(Data shown Opens)
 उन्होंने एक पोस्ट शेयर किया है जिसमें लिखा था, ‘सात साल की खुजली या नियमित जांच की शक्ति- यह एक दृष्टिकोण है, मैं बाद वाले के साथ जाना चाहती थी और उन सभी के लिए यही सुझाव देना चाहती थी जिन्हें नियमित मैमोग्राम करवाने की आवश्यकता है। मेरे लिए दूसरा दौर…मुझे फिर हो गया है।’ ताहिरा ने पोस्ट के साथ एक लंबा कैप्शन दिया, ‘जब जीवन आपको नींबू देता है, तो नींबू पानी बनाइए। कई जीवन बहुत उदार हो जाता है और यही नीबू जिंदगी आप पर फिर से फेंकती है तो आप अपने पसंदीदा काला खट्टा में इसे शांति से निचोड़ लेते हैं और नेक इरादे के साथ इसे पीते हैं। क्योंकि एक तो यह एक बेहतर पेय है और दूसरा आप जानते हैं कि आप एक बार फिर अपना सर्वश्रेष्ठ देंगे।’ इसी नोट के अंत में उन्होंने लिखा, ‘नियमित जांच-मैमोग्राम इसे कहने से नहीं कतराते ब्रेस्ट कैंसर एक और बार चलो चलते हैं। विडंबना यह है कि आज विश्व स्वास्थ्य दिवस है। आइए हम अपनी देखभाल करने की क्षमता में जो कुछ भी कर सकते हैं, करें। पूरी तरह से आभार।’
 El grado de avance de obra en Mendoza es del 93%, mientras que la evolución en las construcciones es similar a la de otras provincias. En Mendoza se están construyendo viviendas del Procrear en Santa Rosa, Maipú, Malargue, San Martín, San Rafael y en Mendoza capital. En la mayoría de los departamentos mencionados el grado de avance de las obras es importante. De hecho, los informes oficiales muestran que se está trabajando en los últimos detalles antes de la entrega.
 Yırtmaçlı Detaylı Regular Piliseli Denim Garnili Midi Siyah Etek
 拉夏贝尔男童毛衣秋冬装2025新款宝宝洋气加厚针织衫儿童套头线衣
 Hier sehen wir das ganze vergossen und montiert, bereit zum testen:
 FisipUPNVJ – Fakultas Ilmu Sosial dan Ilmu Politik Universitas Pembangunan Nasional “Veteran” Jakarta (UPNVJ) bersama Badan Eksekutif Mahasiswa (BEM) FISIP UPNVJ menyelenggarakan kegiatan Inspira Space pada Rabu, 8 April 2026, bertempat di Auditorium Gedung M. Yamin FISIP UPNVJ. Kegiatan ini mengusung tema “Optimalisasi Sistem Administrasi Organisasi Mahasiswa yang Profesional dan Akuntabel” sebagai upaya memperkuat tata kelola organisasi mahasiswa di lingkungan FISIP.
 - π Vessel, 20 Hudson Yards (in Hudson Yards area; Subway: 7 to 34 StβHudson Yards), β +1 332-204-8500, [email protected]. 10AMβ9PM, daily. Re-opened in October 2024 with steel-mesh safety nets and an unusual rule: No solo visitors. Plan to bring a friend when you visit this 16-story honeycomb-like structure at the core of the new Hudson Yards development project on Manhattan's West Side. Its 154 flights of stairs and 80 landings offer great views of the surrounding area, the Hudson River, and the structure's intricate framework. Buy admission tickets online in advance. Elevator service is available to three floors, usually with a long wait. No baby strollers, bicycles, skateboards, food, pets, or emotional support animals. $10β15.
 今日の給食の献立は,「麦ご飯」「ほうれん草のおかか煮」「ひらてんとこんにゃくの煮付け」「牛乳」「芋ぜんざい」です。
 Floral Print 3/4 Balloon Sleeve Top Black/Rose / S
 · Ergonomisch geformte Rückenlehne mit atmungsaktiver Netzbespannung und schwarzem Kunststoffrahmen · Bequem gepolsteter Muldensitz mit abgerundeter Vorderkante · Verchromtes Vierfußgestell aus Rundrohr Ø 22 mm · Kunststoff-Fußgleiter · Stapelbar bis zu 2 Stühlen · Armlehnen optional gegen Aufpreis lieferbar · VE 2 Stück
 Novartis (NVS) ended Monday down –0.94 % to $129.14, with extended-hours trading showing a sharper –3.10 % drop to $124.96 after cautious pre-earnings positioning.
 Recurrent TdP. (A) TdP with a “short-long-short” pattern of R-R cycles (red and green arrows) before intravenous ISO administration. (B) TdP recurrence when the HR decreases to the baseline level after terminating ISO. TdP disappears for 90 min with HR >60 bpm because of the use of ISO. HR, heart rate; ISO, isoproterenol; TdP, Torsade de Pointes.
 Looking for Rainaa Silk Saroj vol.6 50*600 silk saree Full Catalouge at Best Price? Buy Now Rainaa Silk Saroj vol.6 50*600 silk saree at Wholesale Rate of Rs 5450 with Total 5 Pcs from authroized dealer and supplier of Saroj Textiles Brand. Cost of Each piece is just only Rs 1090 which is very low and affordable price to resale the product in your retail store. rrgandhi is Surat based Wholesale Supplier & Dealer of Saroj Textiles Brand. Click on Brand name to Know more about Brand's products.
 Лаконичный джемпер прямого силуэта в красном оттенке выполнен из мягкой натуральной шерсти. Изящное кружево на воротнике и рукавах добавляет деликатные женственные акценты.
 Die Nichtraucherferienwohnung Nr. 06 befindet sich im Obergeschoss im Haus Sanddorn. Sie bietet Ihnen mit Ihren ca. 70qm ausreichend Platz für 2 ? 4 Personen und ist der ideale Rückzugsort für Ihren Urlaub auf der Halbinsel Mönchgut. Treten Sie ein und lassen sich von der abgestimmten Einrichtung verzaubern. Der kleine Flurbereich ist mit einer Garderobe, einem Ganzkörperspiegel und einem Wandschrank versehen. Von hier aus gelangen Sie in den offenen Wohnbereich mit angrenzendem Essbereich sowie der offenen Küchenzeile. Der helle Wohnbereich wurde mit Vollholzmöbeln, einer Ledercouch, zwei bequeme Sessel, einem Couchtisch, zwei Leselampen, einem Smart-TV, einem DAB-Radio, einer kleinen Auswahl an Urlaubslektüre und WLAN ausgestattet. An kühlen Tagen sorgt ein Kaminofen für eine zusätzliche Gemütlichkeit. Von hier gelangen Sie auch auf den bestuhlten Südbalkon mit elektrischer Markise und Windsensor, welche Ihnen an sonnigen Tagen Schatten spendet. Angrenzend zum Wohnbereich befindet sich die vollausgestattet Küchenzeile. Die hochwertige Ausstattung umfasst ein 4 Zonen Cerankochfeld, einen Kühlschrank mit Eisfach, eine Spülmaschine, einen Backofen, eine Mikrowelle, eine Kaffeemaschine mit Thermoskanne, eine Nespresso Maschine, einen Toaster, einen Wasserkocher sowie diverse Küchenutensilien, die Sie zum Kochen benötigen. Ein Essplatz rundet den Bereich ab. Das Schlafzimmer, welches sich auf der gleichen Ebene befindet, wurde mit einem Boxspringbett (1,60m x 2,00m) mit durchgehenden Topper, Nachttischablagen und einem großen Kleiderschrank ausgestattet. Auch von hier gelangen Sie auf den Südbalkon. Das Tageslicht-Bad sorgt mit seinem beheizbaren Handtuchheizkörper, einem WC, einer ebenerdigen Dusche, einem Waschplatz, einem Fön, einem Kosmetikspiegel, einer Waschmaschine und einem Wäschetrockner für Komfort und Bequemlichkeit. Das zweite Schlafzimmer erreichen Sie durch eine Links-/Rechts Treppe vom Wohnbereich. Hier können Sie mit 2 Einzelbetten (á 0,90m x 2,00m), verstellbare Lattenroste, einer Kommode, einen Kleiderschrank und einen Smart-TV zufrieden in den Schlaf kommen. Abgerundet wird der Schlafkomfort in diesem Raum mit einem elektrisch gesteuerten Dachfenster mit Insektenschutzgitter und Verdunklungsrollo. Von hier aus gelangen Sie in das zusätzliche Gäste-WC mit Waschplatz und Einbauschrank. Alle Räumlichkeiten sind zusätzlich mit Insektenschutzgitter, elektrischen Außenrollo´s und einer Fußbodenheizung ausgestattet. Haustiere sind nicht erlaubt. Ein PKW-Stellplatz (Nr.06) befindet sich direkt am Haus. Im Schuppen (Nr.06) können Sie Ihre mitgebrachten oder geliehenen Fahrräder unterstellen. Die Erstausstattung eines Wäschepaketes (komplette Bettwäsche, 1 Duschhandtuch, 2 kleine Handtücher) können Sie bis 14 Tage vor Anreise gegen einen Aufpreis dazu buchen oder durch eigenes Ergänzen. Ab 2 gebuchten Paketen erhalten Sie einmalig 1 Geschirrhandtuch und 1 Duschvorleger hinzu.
(Data shown Closes)
* _What this task involves_
Everything from the line with "今日の給食の献立は,「麦ご飯" through the line with "Recurrent TdP. (A)" should be written out exactly as it appears above, end lines included, and nothing outside that range.

* _Written answer_
 今日の給食の献立は,「麦ご飯」「ほうれん草のおかか煮」「ひらてんとこんにゃくの煮付け」「牛乳」「芋ぜんざい」です。
 Floral Print 3/4 Balloon Sleeve Top Black/Rose / S
 · Ergonomisch geformte Rückenlehne mit atmungsaktiver Netzbespannung und schwarzem Kunststoffrahmen · Bequem gepolsteter Muldensitz mit abgerundeter Vorderkante · Verchromtes Vierfußgestell aus Rundrohr Ø 22 mm · Kunststoff-Fußgleiter · Stapelbar bis zu 2 Stühlen · Armlehnen optional gegen Aufpreis lieferbar · VE 2 Stück
 Novartis (NVS) ended Monday down –0.94 % to $129.14, with extended-hours trading showing a sharper –3.10 % drop to $124.96 after cautious pre-earnings positioning.
 Recurrent TdP. (A) TdP with a “short-long-short” pattern of R-R cycles (red and green arrows) before intravenous ISO administration. (B) TdP recurrence when the HR decreases to the baseline level after terminating ISO. TdP disappears for 90 min with HR >60 bpm because of the use of ISO. HR, heart rate; ISO, isoproterenol; TdP, Torsade de Pointes.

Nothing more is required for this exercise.